5 Reasons For Runners To Do Yoga

Poses that will help you run longer and effortlessly

Hana Weinwurm
Photo: Ronald Lee

ON LOCATION AT YYOGA; APPAREL COURTESY LOLË & MALA COLLECTIVE

Here are five yoga postures I consider to be the most potent and advantageous for runners. You can practice them one at a time or create a full sequence flow.

1. A Pose for Body Awareness

Beginner: Child’s Pose: Start in a kneeling position with your weight on your heels. Reach your arms forward as far as possible and lower them to rest on the mat. Hold the pose and take 4-8 breaths.

Intermediate/Advanced: Downward Dog to Plank Flow: Start in child’s pose.
Tuck your toes, spread out your fingers, press your hands into the floor and lift your sit bones upward toward the sky into downward dog pose. Press the ground equally with your hands and feet. Lower down into plank. Hold the downward dog or flow between these two postures 4-8 times.

2. A Pose for Mobility

4 – 8 lunges per side

Beginner: Basic Lunge with Spine Twist: Start in lunge position, place your right foot forward with your right knee directly over your ankle and toes facing forward. Place arms on either side of front foot and come up on your fingertips to elongate your spine. Press your left hand into the ground and externally rotate your ribcage toward the right, with right arm reaching toward the sky.

Intermediate: Lunge with your back knee off the ground.

Advanced: Lunge with your back knee on the ground, lift the back foot and grab for a quadricep stretch.

3. A Pose for Balance

Repeat 2 – 3 times per side

Beginner: Standing Knee to Chest: Press into the floor with your left foot and bring your right knee to your chest. Inhale to lengthen your body as you focus your gaze on one point. Hold for 3-5 breaths then repeat on the other side.

Intermediate/Advanced: Warrior III: Firm your left leg with a slightly bent knee, hinge at the hips, extend the right leg back and bring your chest toward parallel to the ground. Reach your arms forward, palms facing in. Hold for 3-5 breaths, repeat on the other side.

4. A Pose for Strength

Repeat 2 – 3 Times

Beginner: Passive Bridge with Arms at Sides: Lie on your back with your knees bent and feet hip distance apart, arms along your sides with palms pressed into the floor. Press your feet into the ground and lift hips off the floor engaging the back and sides of your legs. Keep your head on the floor and eyes on the sky. Take 3-6 breaths keeping hips lifted.

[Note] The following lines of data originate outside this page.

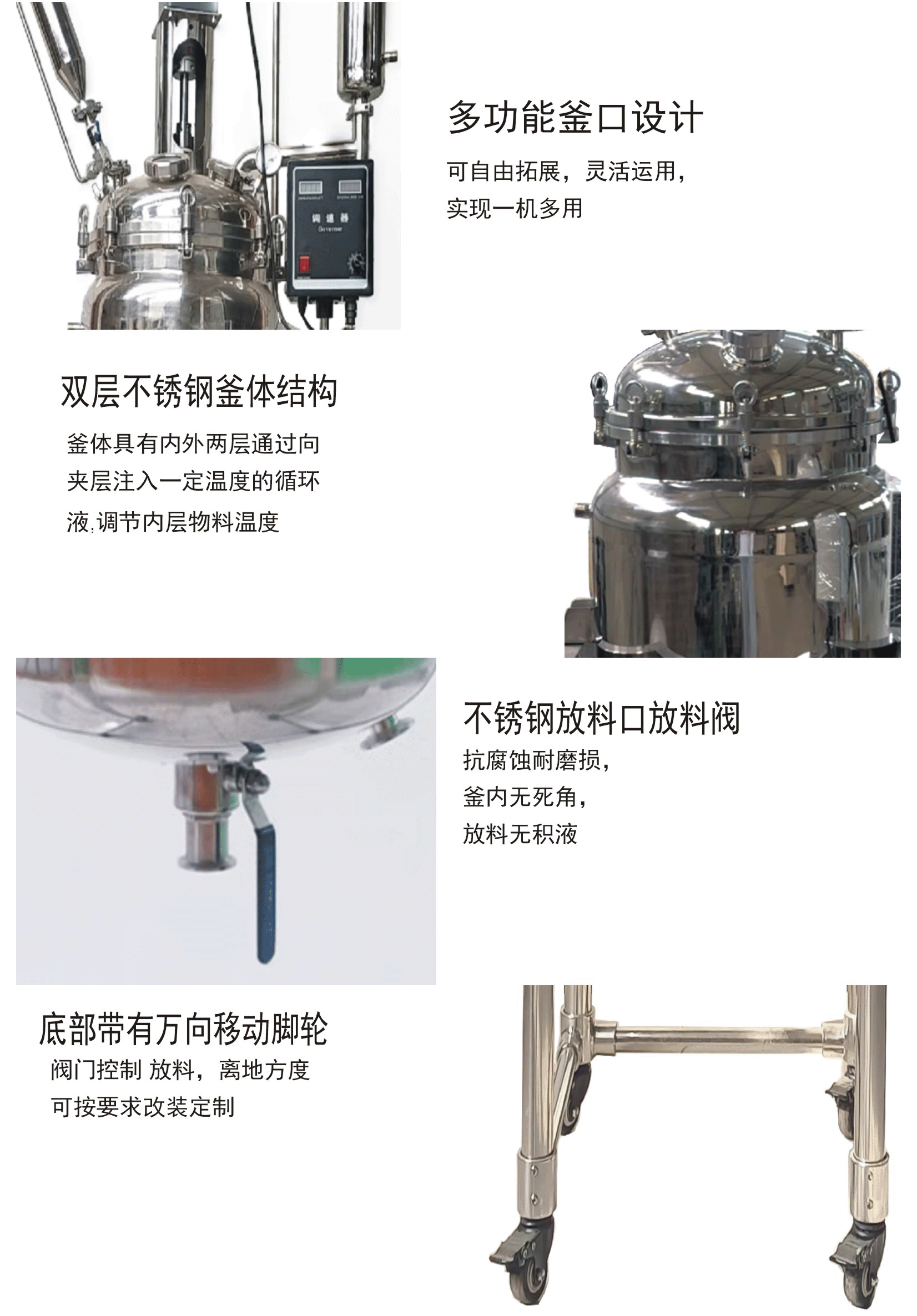 ●夾層的制冷或加熱溶液在反應(yīng)完畢后,能徹底排除,不積液
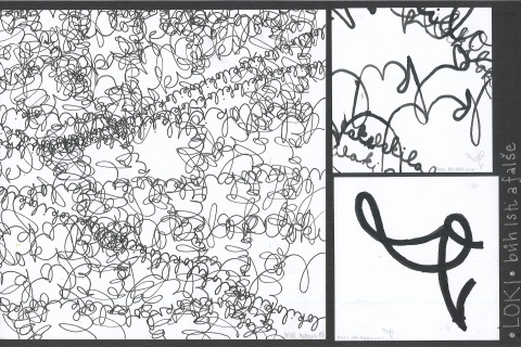 2. Vzývání, symbolické sžití s božstvem - grafický záznam jména – automatické psaní, zmnožení zápisu, práce s psaným písmem a jeho kompozicí na malé ploše,
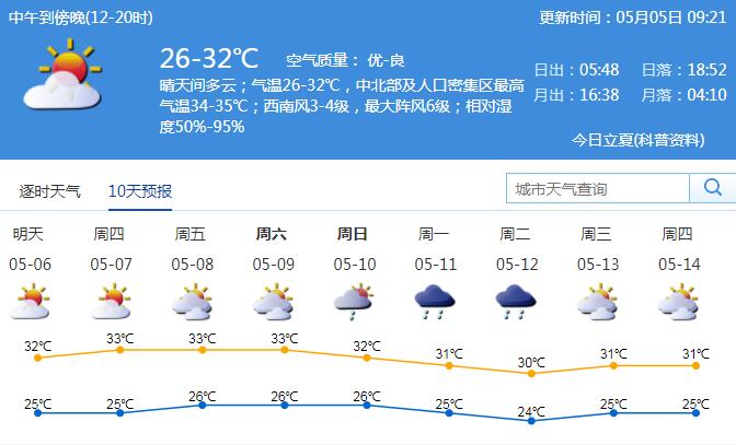 見圳客戶端·深圳新聞網(wǎng)2020年5月5日訊 深圳市氣象臺預(yù)計,5日我市晴天間多云,氣溫25℃-32℃,中北部和人口密集區(qū)最高氣溫34℃-35℃;6-9日多云間晴天,天氣炎熱,午后局地有熱雷雨;10-11日受冷空氣影響,有雷陣雨。
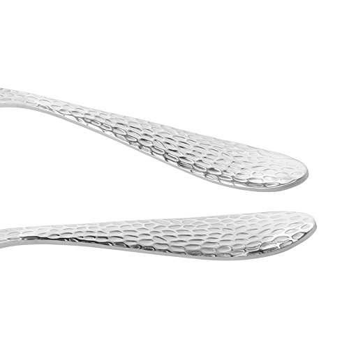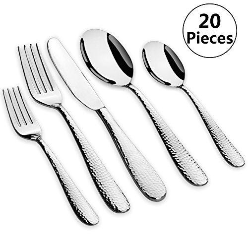 Heavy-duty 20 pieces flatware sets include 4 x Dinner Spoons; 4 x Dinner Forks; 4 x Steak Knives; 4 x Salad Forks and 4 x Dessert Spoons. They are made from durable 18/10 stainless steel in premium quality and they have distinctive design.
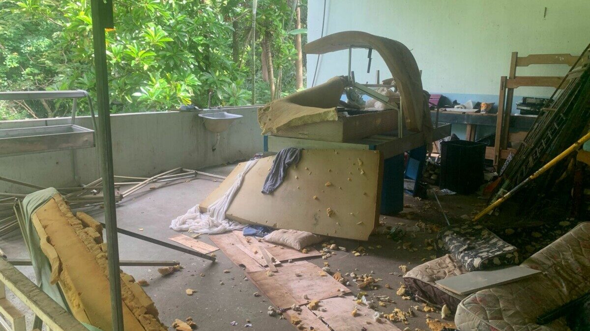 Fotos mostram que o local havia colchões e madeiras espalhadas, o chão tinha aspecto de sujeira, a cozinha era inadequada

Intermediate: Bridge with hands interlaced behind the back. Repeat 8-10 times.

Advanced: Bridge with one leg lifted at a time. Repeat 8-10 times per leg.

5. A Pose to Reduce Lower Back Pain

Beginner: Reclined Twist with Both Knees Bent: Lie on your back, bend both knees and draw them up to your chest. Extend your arms with your palms facing up to the sky.

Keeping your shoulders and head on the ground, lift your left hip a few inches to the left and bring your bent legs toward the floor on your right. To deepen the stretch, turn your head in the opposite direction of your legs. Hold for 4-8 deep breaths then switch sides.

Intermediate/Advanced: Reclined Twist with One Knee Bent: Bend your left knee and draw it in toward your chest. Keep your right leg long and reaching. Continue as for beginner. Hold for 4 – 8 deep breaths then switch sides.